The one on my car looks like the 69-70 in the Zazarine book. 

Thanks

John


----------



## jmt455 (Mar 26, 2012)

I can't find any pics from my files, but here is a photo from the OPGI catalog:










The part shown is correct for 68.


----------



## Layzdude (Jun 14, 2015)

jmt455 said:


> I can't find any pics from my files, but here is a photo from the OPGI catalog:
> 
> 
> 
> ...



Thanks,
I saw that part. I think that attaches at the bottom of the dashboard. I am looking for the part that goes on the firewall and over the carpet. I bought the 69-72 from Ames. Should be here today or tomorrow.

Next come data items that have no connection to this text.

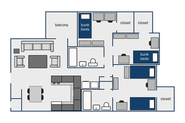 Depending on the number of incoming freshmen from year to year, CCU may add a third roommate to room A (the master bedroom). These students share the master bathroom and are easily accommodated in the room.
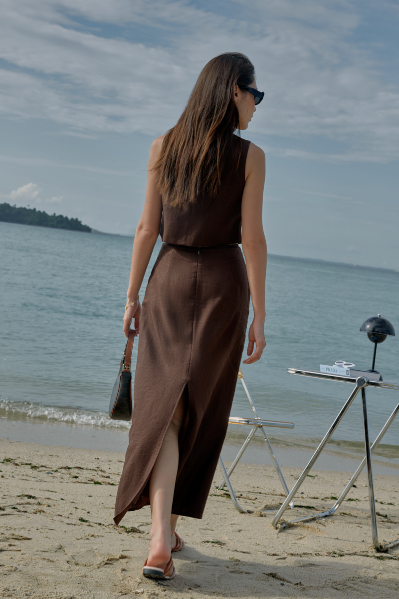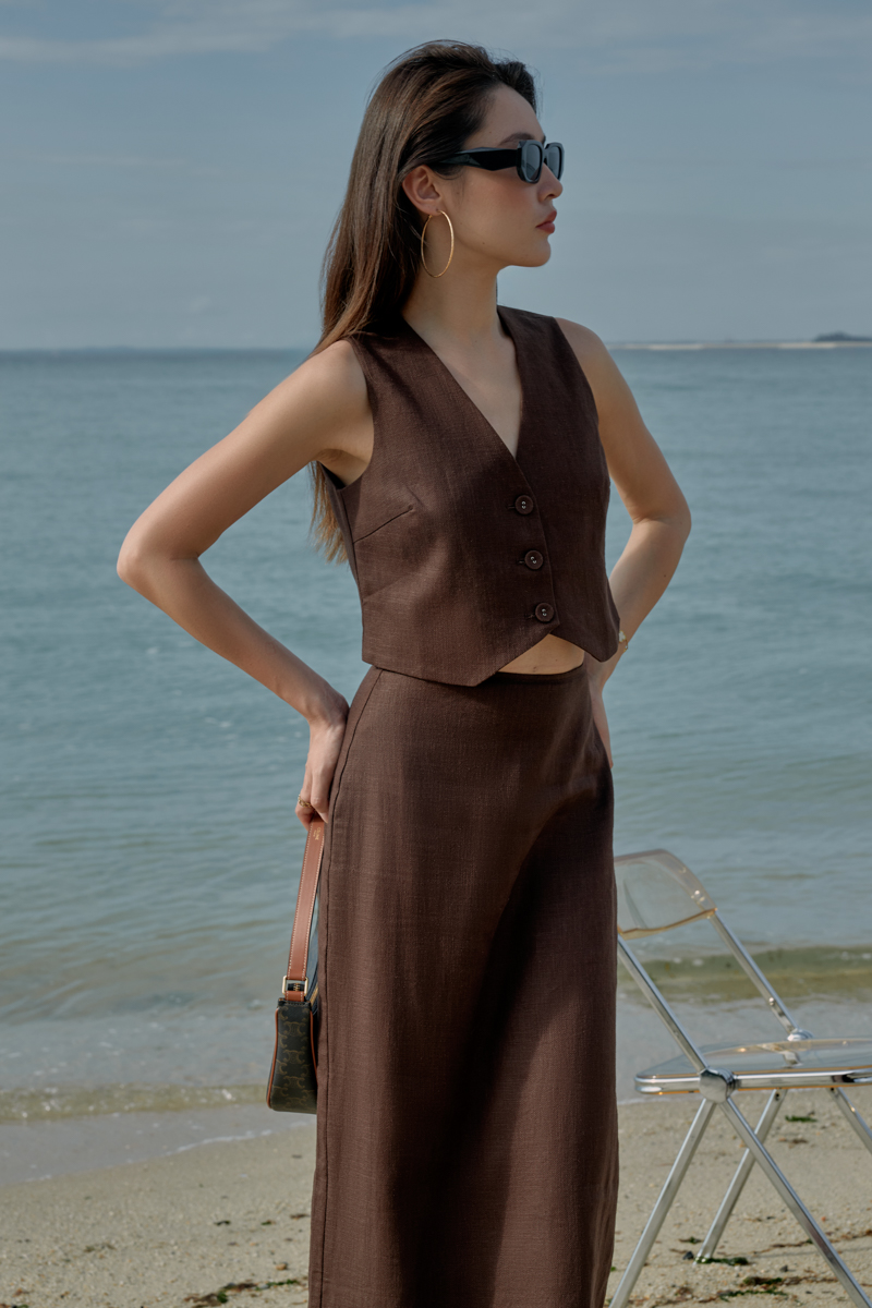 VICCI VEST LINEN TOP (BROWN)
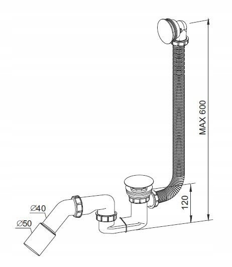 - Montaż: Do wanien z otworem Ø 50/60 mm
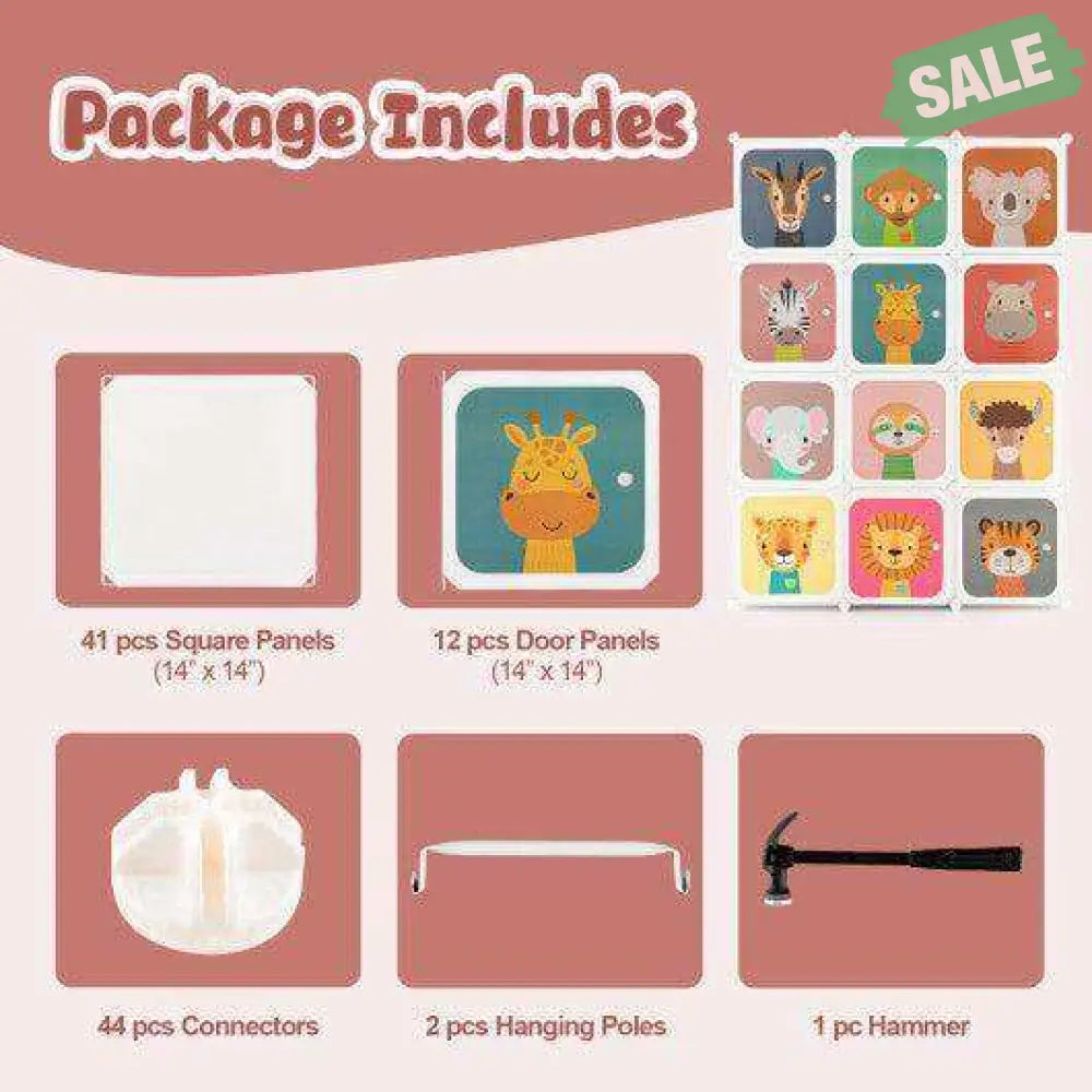 ● Quick for Installation: The package includes 41 square panels 12 door panels 44 connectors 2 hanging pole and a hammer(12 cubes). Illustrated manual will help you conveniently complete the assembly. Please hammer each layer for reinforcement after the installation.

Will see.


----------



## 68GTO4004Spd (Jun 19, 2008)

mine looks like the 67 style with different hole locations.


----------



## Layzdude (Jun 14, 2015)

68GTO4004Spd said:


> mine looks like the 67 style with different hole locations.


Thanks. 

Yup that is the one on my car. weird how that is not the one they say if the proper fit. I wonder if when during the year the cars were built determined the cover.


----------



## 68GTO4004Spd (Jun 19, 2008)

The 68 has more one year only parts on them that most other years. It's the red headed stepchild when it comes to finding parts.


----------



## Guy B (Apr 29, 2015)

68GTO4004Spd said:


> The 68 has more one year only parts on them that most other years. It's the red headed stepchild when it comes to finding parts.


Found that out quickly....completely agree!.....:banghead:


----------



## Casper1 (May 28, 2021)

Guy B said:


> Found that out quickly....completely agree!.....:banghead:


Hey Guy B, its been a long time since you posted this thread. Did you ever find the cover piece you were looking for? I am currently looking for one as mine is broken in half. The repop one OPGI, Jegs, YearOne and others are selling is about 4x times bigger. I am tempted to get the repop since it will hold the carpet a lot better since there is a larger contact area. However, if I could find an original one I would prolly go with it unless I started having issues with it then I would switch over to the repop. 

Thanks


----------



## O52 (Jan 27, 2019)

The small one pops up on eBay from time to time. And I believe its the same one for all 68 GM A bodies. 
Scott (BLK69JUDGE) probably has a few laying around.


----------